This one definitely lands in my list of the top 10 questions I get asked. It's a good one! Buying a site, getting a DA and then flipping it on to someone who wants to take it through to completion is a great way to earn some cash with minimal risk and shorter timeframes. I mention it as one of my Low and No Money Down strategies.
But...
It's not quite as simple as that! One of my favourite sayings "just because it's developable doesn't mean it's profitable" holds true here too. Just because it has a DA, doesn't mean it's worth more.
So how do you work out if getting a DA is worth it?
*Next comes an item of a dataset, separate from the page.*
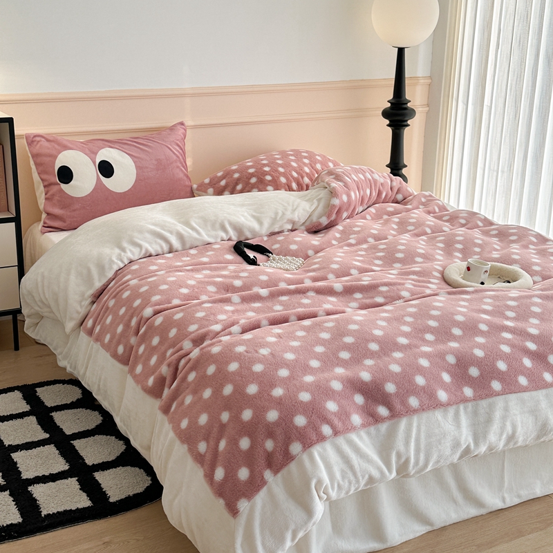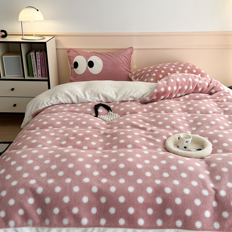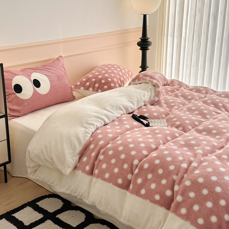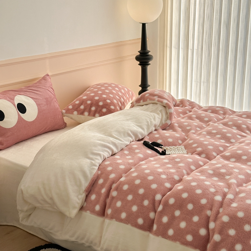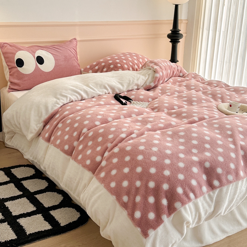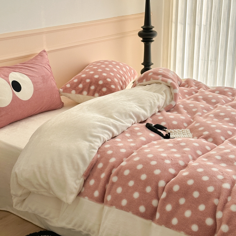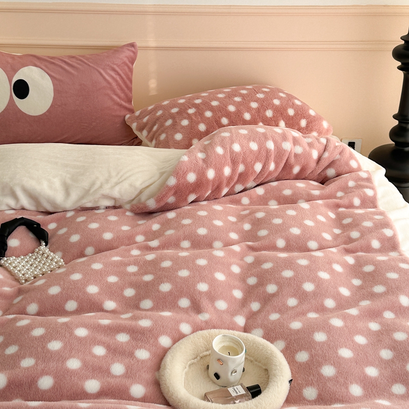 昔可家纺 2023新款波点兔兔绒拼接牛奶绒四件套 粉玉波点

Let's get real here. The value of a development application isn’t based on what you hope it’s worth, what it cost you to obtain, or how much effort has gone into getting it approved. A DA is only worth what the next developer can afford to pay while still making a profit.
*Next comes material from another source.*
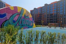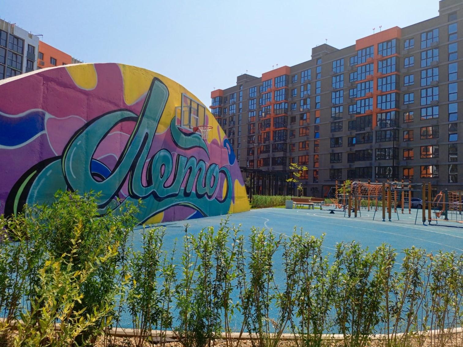Придомовая территория с ландшафтным дизайном разделена местами для отдыха, безопасные детские площадки с тренажерами, зонами воркаута с тренажерами и турниками, баскетбольная арт- площадка.

If the buyer can’t make money, they won’t buy it. It really is that simple. And no amount of optimism, effort, or sunk cost changes that reality.
To understand the true value of a DA, you have to stop thinking like a seller and start thinking like the buyer.
Think Like The Buyer
For a DA flip to work, someone else needs to be able to step in and develop the project profitably. That means you need to stop thinking like a seller and start thinking like a developer who is about to take on all the risk.
The means the right question isn't "what do I want to sell this for?"
It’s “If I were developing this myself, what’s the maximum I could pay for the site and still be happy with the profit?”
That mindset leads directly to a top-down feasibility, which is the foundation of understanding DA value.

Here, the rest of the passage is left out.